Mingus fu sempre piuttosto insofferente verso queste tendenze, tanto che ci sono vari racconti di concerti durante i quali si scusò col pubblico per il comportamento dei musicisti con cui suonava (capitava che Parker o Powell si addormentassero in piedi sul palco, per esempio, o che il primo arrivasse ai concerti senza sax). Proprio con Parker e Powell, e con Gillespie e Max Roach, Mingus suonò nel 1953 in un celebre concerto alla Massey Hall di Toronto, registrato in uno dei più importanti dischi live di jazz di sempre.

Dalla seconda metà degli anni Cinquanta, Mingus si specializzò come compositore e direttore d’orchestra, mettendo insieme varie formazioni soprattutto nell’area di New York, che presero il nome di Jazz Workshop. Ci passarono alcuni dei migliori musicisti degli anni Sessanta e Settanta, che Mingus scovava quando ancora erano sconosciuti preferendo quelli che sapevano suonare bene in gruppo a quelli particolarmente virtuosi. Nel 1956 registrò il primo grande disco alla guida di una band tutta sua, Pithecanthropus Erectus, insieme tra gli altri al sassofonista Jackie McLean. Nel 1959 invece uscì Mingus Ah Um, considerato ancora oggi il suo capolavoro, che contiene “Goodbye Pork Pie Hat”, forse il suo standard più conosciuto.

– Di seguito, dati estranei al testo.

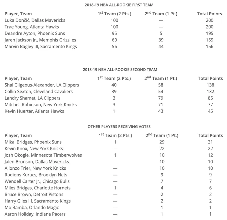 On retrouve les cinq premiers choix de la Draft 2018 dans la First All-Rookie Team. Logiquement Luka Doncic et Trae Young font l'unanimité avec 200 points sur 200 possibles, alors que Deandre Ayton (195 points) manque de peu le Grand Chelem.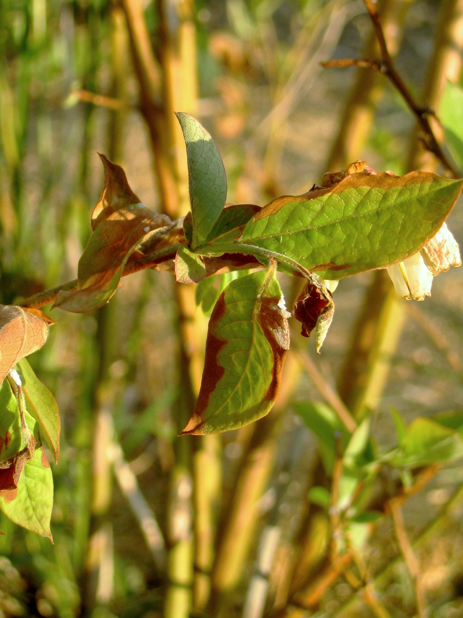 Brûlure marginale sur feuilles de bleuet en corymbe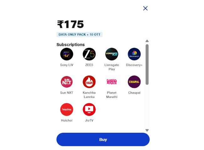 ஜியோவின் ரூ,175 யில் திட்டத்தை பற்றி பேசினால் JioTV PREMIUM திட்டத்தின் கீழ் வருகிறது இந்த திட்டத்தின் நன்மை என பேசினால் 28 நாட்கள் வேலிடிட்டி உடன் இதனுடன் இதில் 10 GB டேட்டா வழங்கப்படுகிறது மேலும் இது வெறும் டேட்டா திட்டமாகும் Sony LIV, ZEE5, Liongate Play, Discovery+, Sun NXT, Kanchha Lannka, Planet Marathi, Chaupal and Hoichoi via JioTV Mobile App.போன்ற வெறும் 10 ஆப்கள் மட்டுமே வழங்குகிறது மேலும் இதன் ஸ்பீட் குறையும்போது 64 Kbps ஆக குறைக்கப்படுகிறது.

Mingus non aveva un carattere facile, e anzi era famoso per essere irascibile e talvolta perfino manesco: una condizione che preoccupava molti di quelli che suonavano con lui, visto che era un omaccione di dimensioni ragguardevoli. È famoso l’episodio di quella volta in cui, nel 1962, tirò un pugno in faccia al trombonista Jimmy Knepper, mentre i due stavano suonando nel suo appartamento. A Knepper saltò un ponte dentale, e la sua imboccatura – cioè la configurazione della bocca rispetto allo strumento a fiato – ne fu compromessa al punto che perse un’ottava (cioè non poté più suonare certe note). Lì per lì Knepper non ne volle più sapere di lavorare con Mingus, che per l’episodio ottenne pure una condanna minore. Nei suoi ultimi anni di vita, però, i due si riappacificarono, e Knepper suonò spesso con la Mingus Dinasty, la band messa insieme dopo la sua morte.

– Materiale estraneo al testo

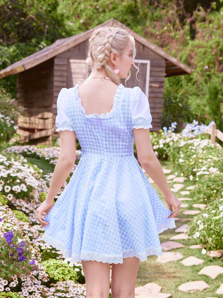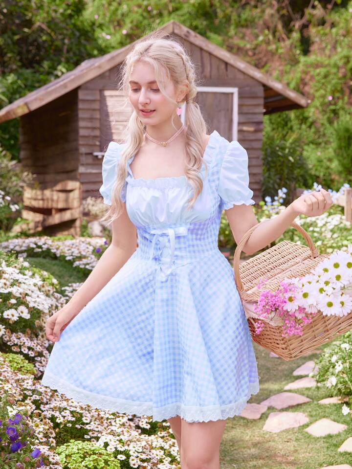 Kawaii Gingham Lace Up Ruched Bust Dress

In molti raccontarono che l’indole burrascosa di Mingus si esprimeva anche nel suo stile musicale, caratterizzato da una grande tensione e spesso da un incedere in leggerissimo anticipo sul tempo, ad accentuarne il carattere frenetico. Ma oltre alle sfuriate e alle litigate, Mingus era considerato da molti suoi contemporanei un tipo difficile con cui avere a che fare perché era poco incline ai compromessi per quanto riguarda le discriminazioni razziali, che i musicisti afroamericani subivano quotidianamente indipendentemente dal loro talento e dalla loro fama. «Non chiamatemi jazzista» disse una volta nel 1969, «jazzista significa negro, discriminazioni, cittadino di serie B, sedili al fondo dell’autobus».

Negli anni Sessanta, Mingus sfornò una lunga serie di dischi con le più importanti etichette, compresi Blues & RootsThe Black Saint and the Sinner Lady, alcuni tra i suoi più famosi e riusciti. Nel 1964 mise insieme un sestetto con Dannie Richmond, Jaki Byard, Eric Dolphy, Johnny Coles e Clifford Jordan, una delle band con cui ebbe più successo e con la quale fece molti concerti in Europa, dove fu sempre molto apprezzato. Nel 1964, Mingus conobbe Sue Graham Ungaro, produttrice discografica che sposò due anni dopo in una cerimonia officiata dal poeta Allen Ginsberg.

Negli anni Settanta continuò a registrare dischi, tra cui Changes OneChanges Two, i più ricordati di quel periodo. Erano anni in cui molti dei musicisti diventati famosi negli anni Sessanta, da Miles Davis a Herbie Hancock, passarono alla fusion e agli strumenti elettrici: Mingus invece continuò a lavorare quasi solo con le formazioni tradizionali e gli strumenti acustici. Un’eccezione fu uno dei suoi ultimissimi lavori, che non riuscì a completare e uscì postumo: Mingus, in cui la cantante Joni Mitchell cantò alcuni classici della sua carriera e alcune sue nuove composizioni, suonate in chiave fusion e con tastiere, bassi e chitarre elettrici, e con gente come Hancock, Pastorius, Wayne Shorter e John McLaughlin.

Mingus era malato di sclerosi laterale amiotrofica, una malattia neurodegenerativa che gli impedì di suonare nell’ultimo periodo della sua vita. Morì di arresto cardiaco a Cuernavaca in Messico, dov’era andato a curarsi. Le sue ceneri furono sparse sul fiume Gange, in India.